FIXME: Needs more context, content and adaptation

The Minimal Viable Change (MVC)

We only ship in a Minimal Viable Product (MVP) style. Minimum Viable Change is an especially apt phrase for Technical Operations and Engineering and we’re often working in the context of making changes to our production systems and services.

MVC means we deliver the smallest possible solution that offers value to our users. To avoid feature bloat, we rely on user research to validate whether our idea addresses a business need in a desirable way. This approach sets us up to expend the smallest possible amount of effort to build new capabilities, while learning more about how to best add additional functionality over time.

While an MVC may not have the robust functionality of a fully developed feature, it should still address fundamental user needs through a bug-free and highly usable experience. The minimal viable change should not be a broken feature.

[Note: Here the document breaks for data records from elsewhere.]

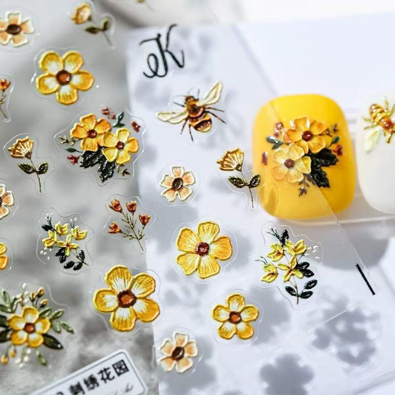 인터넷 축하 폭발성 자수 정원 양각 네일 아트 스티커 꿀벌 노란 꽃 작은 신선한 네일 장식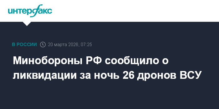 Москва. 20 марта. INTERFAX.RU - Российские военные минувшей ночью перехватили и уничтожены 26 украинских беспилотников, сообщило Минобороны РФ.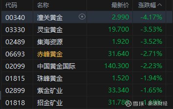 黄金股普跌,潼关黄金跌超4%。10月2日晚,黄金突然高台跳水,曾跌破3820美元/盎司,日内较最高点回落约80美元,此前一度大涨至3896美元/盎司。隔夜美联储官员释放谨慎信号,美联储洛根表示,预计失业率将小幅上升,但不会太高。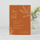 Invitez vos amis et proches à une célébration de mariage virtuel avec ce faire-part élégant et chic qui présente une palette de couleurs terracotta avec un design de feuilles esquissées. Personnalisez-le avec vos propres détails de mariage.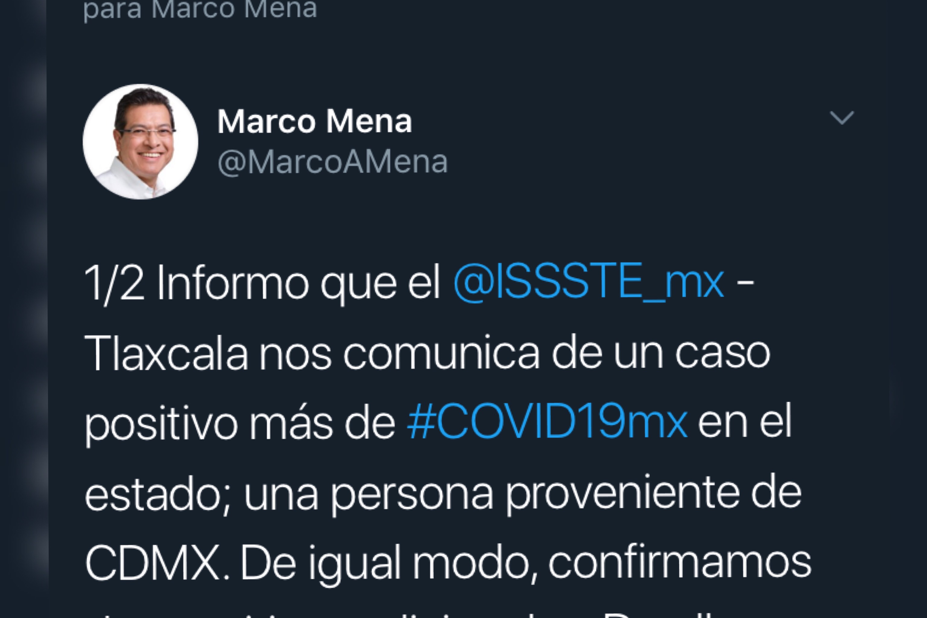 A través de sus redes sociales, el mandatario reportó que uno de estos casos fue reportado por el ISSSTE, que corresponde a una persona proveniente de CDMX.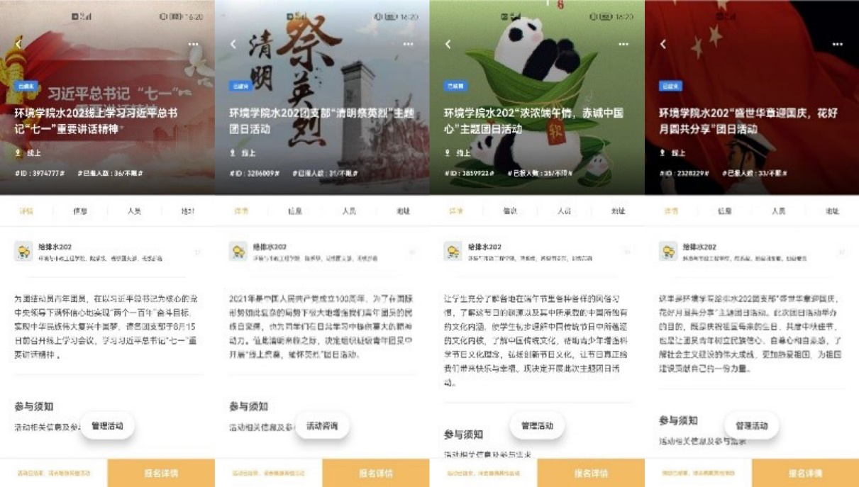 环境与市政工程学院学院水专业2020级2班团支部成立至今开展了“学党史,强信念,跟党走”主题团日活动、“七·一庆祝中国共产党成立100周年”党史学习教育、学习习近平总书记“七一”重要讲话精神主题学习会、“请党放心,强国有我”主题学习会、学习贯彻党的十九届六中全会精神主题班会等思想政治活动共计20余项,引领团员青年自觉增强“四个意识”、坚定“四个自信”、做到“两个维护”,强化团员意识,提高团员思想觉悟。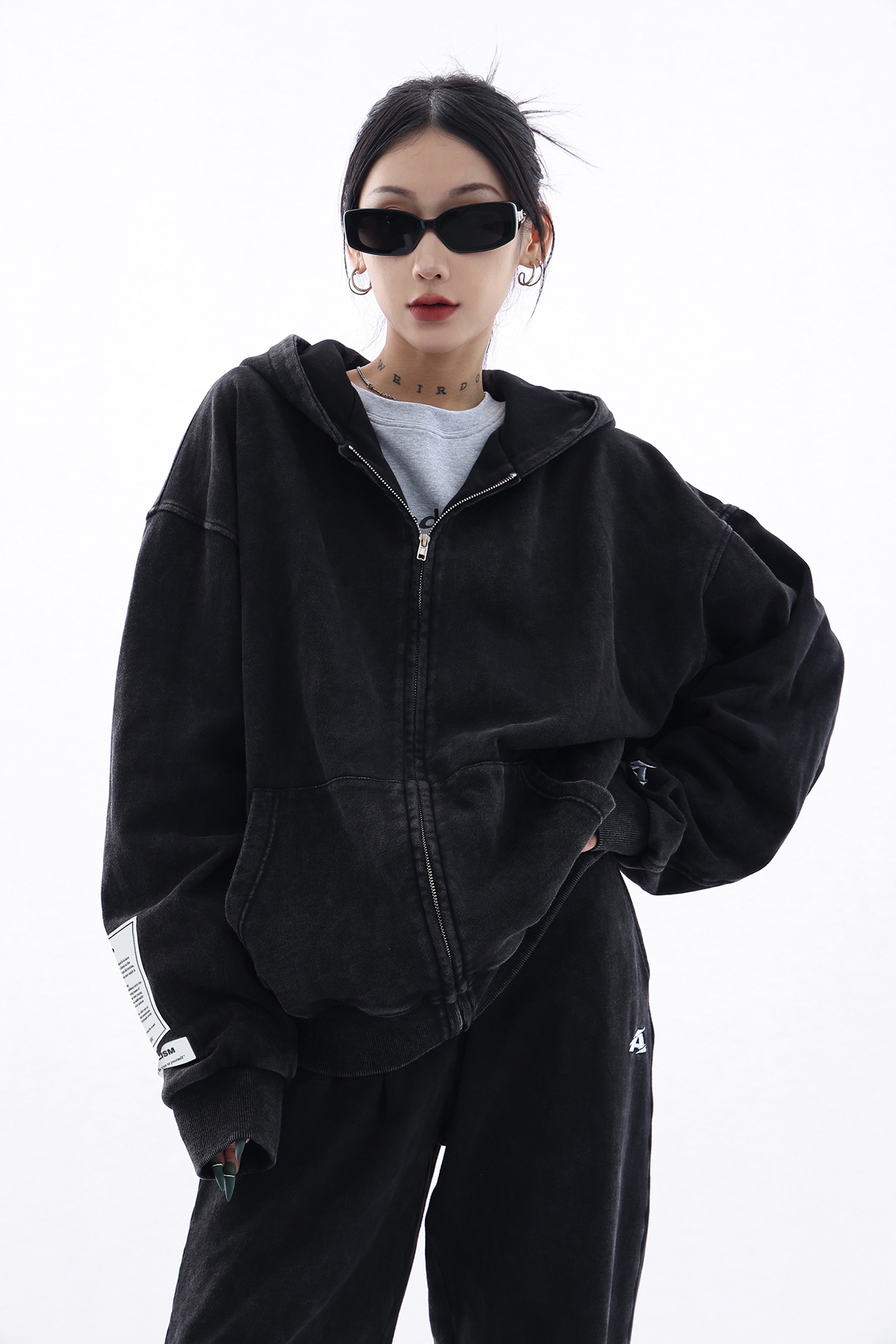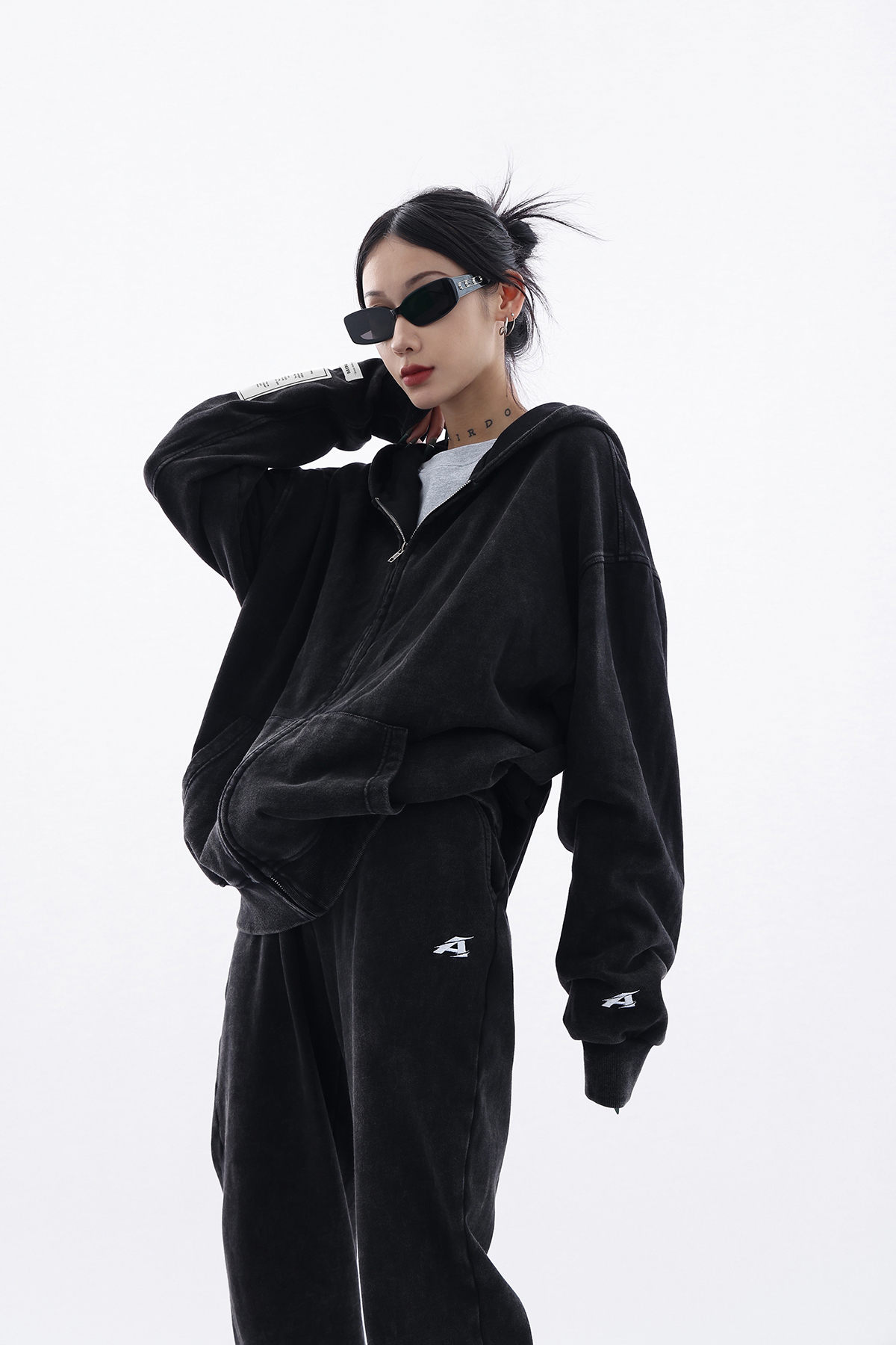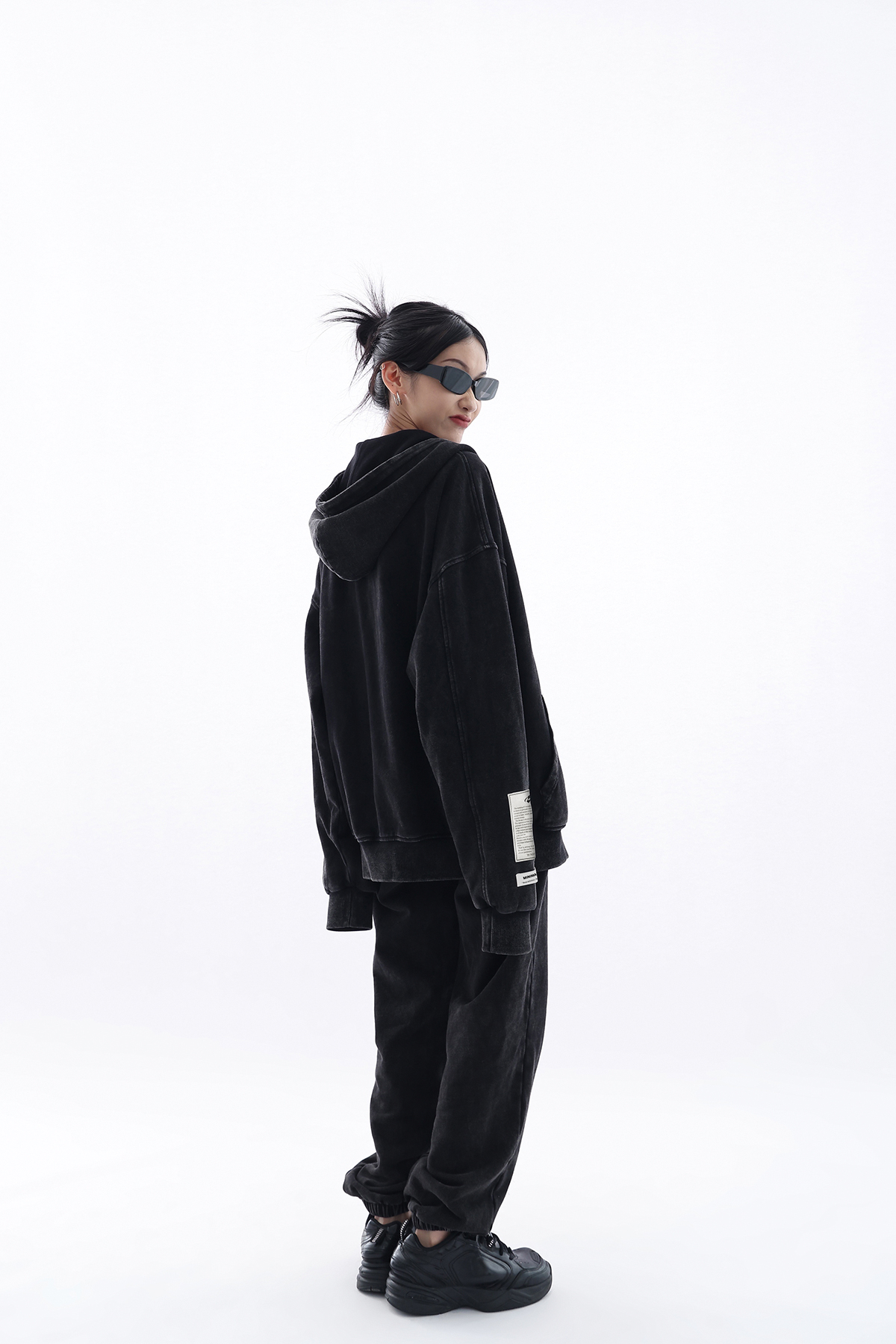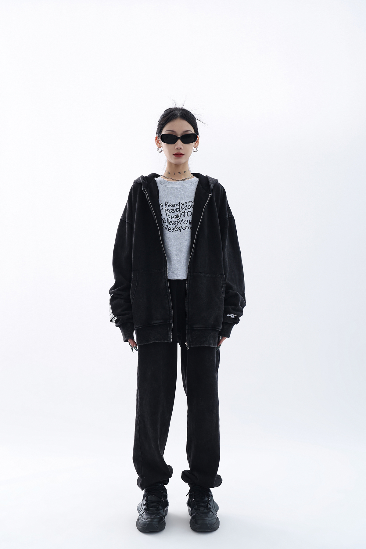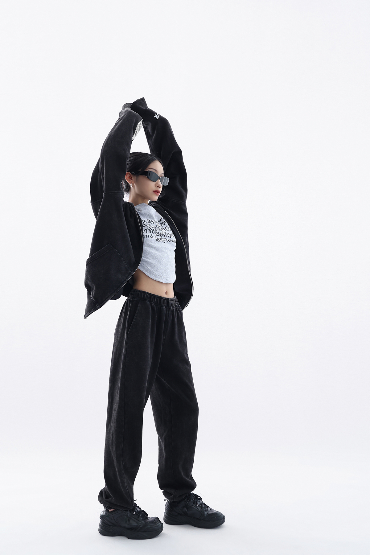 Acestudios 洗水炒色黑色開衫厚棉T+衛褲2件套女2023秋季新款套裝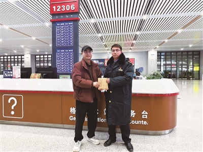 1月24日,旅客谢建功乘坐C893次列车到达格尔木站后,来到“昆仑驿站”服务台办理遗失物品领取手续,值班干部高阳严格按照流程,对旅客身份证信息进行反复核对,确认身份无误后,从保险柜中取出档案袋交予旅客。在工作人员的见证下,旅客现场清点了现金。

Advantages of an MVC approach:

  • It prevents over-engineering.
  • It forces everyone involved to look for the simplest solution to a problem, which is often the best solution.
  • It forces working towards an 80/20 solution. While competing products might cater to the last 20% of the market, a minimal viable solution is good enough for 80%.
  • A bigger change is harder to review.
  • A bigger change is harder to roll back.
  • The bigger the change, the larger the risk of a conflict with someone else’s contribution.
  • The bigger the change, the longer it takes before everyone can benefit from the change.
  • Further changes or enhancements to the change are driven by feedback from actual users. This is a much more informative mechanism than the intuition of a product person (this doesn’t mean we should just build whatever feedback tells us, however.)